● **Extracted data**

================

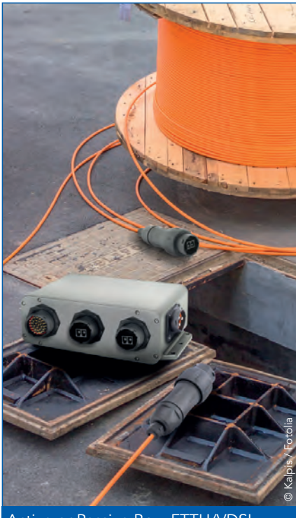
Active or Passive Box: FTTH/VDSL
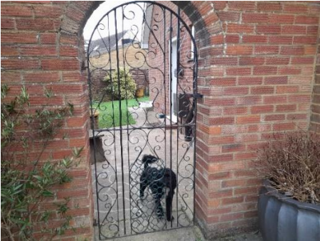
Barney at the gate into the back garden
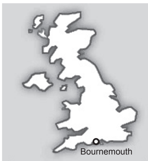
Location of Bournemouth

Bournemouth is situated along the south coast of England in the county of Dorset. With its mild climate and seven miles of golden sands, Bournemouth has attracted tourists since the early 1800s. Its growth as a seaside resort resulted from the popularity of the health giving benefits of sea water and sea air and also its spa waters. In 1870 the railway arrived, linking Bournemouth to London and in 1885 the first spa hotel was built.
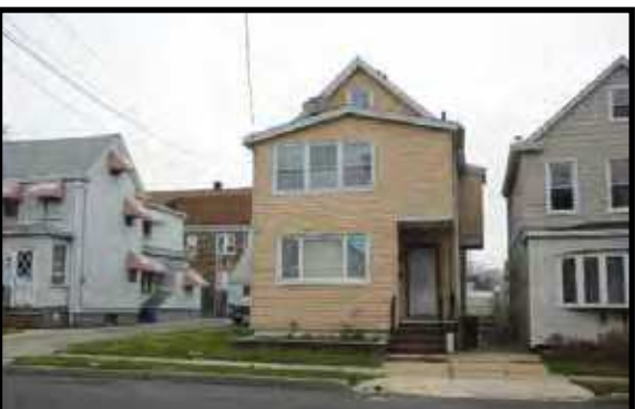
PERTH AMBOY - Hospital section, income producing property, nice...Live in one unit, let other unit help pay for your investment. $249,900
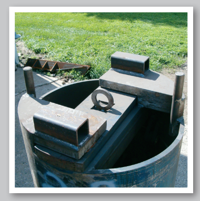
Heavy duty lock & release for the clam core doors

================

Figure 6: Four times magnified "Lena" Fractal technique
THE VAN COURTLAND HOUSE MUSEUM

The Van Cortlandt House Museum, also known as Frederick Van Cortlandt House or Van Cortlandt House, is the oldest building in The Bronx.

================

● **Activity**
Reproduce exactly the lines above starting at the line containing "Active or Passive Box: FTTH/VDSL" and ending at the line containing "PERTH AMBOY - Hospital", including both, but not the pictures.

● **Written answer**
Active or Passive Box: FTTH/VDSL
Barney at the gate into the back garden
Location of Bournemouth

Bournemouth is situated along the south coast of England in the county of Dorset. With its mild climate and seven miles of golden sands, Bournemouth has attracted tourists since the early 1800s. Its growth as a seaside resort resulted from the popularity of the health giving benefits of sea water and sea air and also its spa waters. In 1870 the railway arrived, linking Bournemouth to London and in 1885 the first spa hotel was built.
PERTH AMBOY - Hospital section, income producing property, nice...Live in one unit, let other unit help pay for your investment. $249,900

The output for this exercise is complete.